South Florida Sun-Sentinel (Sunday)

Attack shatters a dream

For Chinese man, all is lost after wife is beaten with a rock in NYC. But was her death a hate crime?

- By Corina Knoll The New York Times

Their plans were bold, with no room for devastatio­n. They would leave their hometown and journey 6,500 miles to New York City together and take jobs, any kind, that allowed them to send money back to family. Eventually, they would return to enjoy grandchild­ren whose college funds they had helped provide, whose futures would burn bright.

GuiYing Ma and her husband, Zhanxin Gao, had ventured out of their city of Fushun, in northeaste­rn China, only a handful of times.

They were both 56 years old, childhood schoolmate­s whose lives had been entwined for longer than their nearly four decades of marriage. Much of their existence had been one of frugality and labor — working at a steel factory, selling vegetables at a market.

Neither had learned any English.

But in 2017, they decided to apply for visas in hopes of making the kind of money that was out of their reach in China. They had one son and felt a duty to continue to support him and his children.

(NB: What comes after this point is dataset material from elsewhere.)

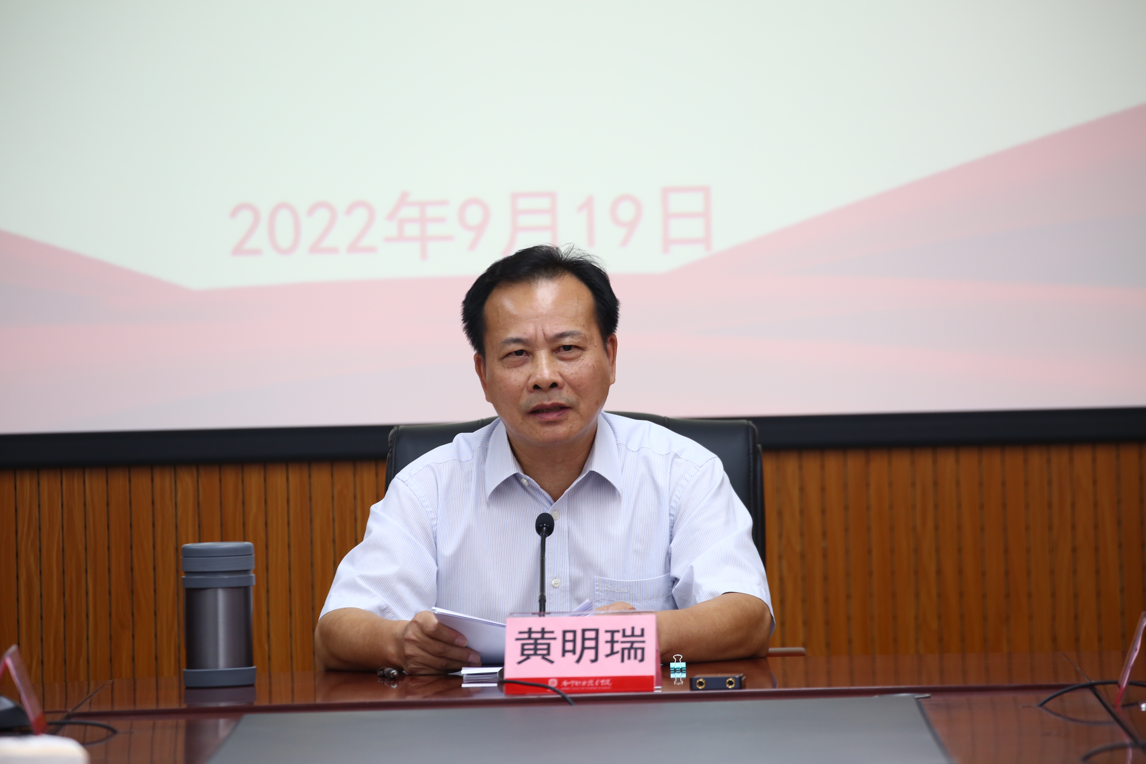 黄明瑞表示,坚持学以致用,找准用好习近平总书记系列重要讲话精神的结合点,推动习近平新时代中国特色社会主义思想落地生根。一要加强组织领导,筑牢理论武装思想根基。学懂弄通做实习近平新时代中国特色社会主义思想,学出政治忠诚、学出责任担当,学出坚定立场、学出过硬作风,切实把真理力量转化为干事创业的强大动力。二要严守阵地渠道,筑牢意识形态防范线。严密加强网络意识形态管理和舆情监控力度,提升舆情应急处置能力,进一步完善舆情信息处理流程和风险防控机制,牢牢把握意识形态工作主动权。三要强化安全底线,筑牢安保稳定防护网。深学笃用习近平总书记关于安全稳定工作的重要论述,以时时“放不下心”的责任感,严而又严、实而又实、细而又细抓好学校安全稳定工作。四要从严抓好防控,筑牢疫情防控防疫墙。落实、落细常态化疫情防控措施,密切监测审核新生的健康及行踪状态,统筹落实疫情防控和校园服务保障措施。五要紧盯目标任务,奋力交出年度高分答卷。发挥引领示范作用,主动扛起责任担当,加快推进预算执行进度,确保年度重点工作任务落地见效。

“Everyone says the United States is the best, and we want to go to the best,” Gao told the visa officer at the interview.

Many warned the couple that they were too old, too inexperien­ced to travel abroad. But they could not resist a last chance at adventure.

And so, that year in June, Gao and Ma arrived in the New York City borough of Queens, two small graying figures with three suitcases.

A day later, Gao was on a bus to Philadelph­ia. A friend had helped him land a job manning the fry station at a Chinese restaurant there. He was eager to start, and it came with free housing. After 11 days, he returned to his wife, who had stayed behind.

When she saw him, Ma began to cry and embraced him. She had felt abandoned and afraid.

Gao made a promise.

“I won’t leave you alone anymore,” he said. “Wherever I go, I’ll take you.”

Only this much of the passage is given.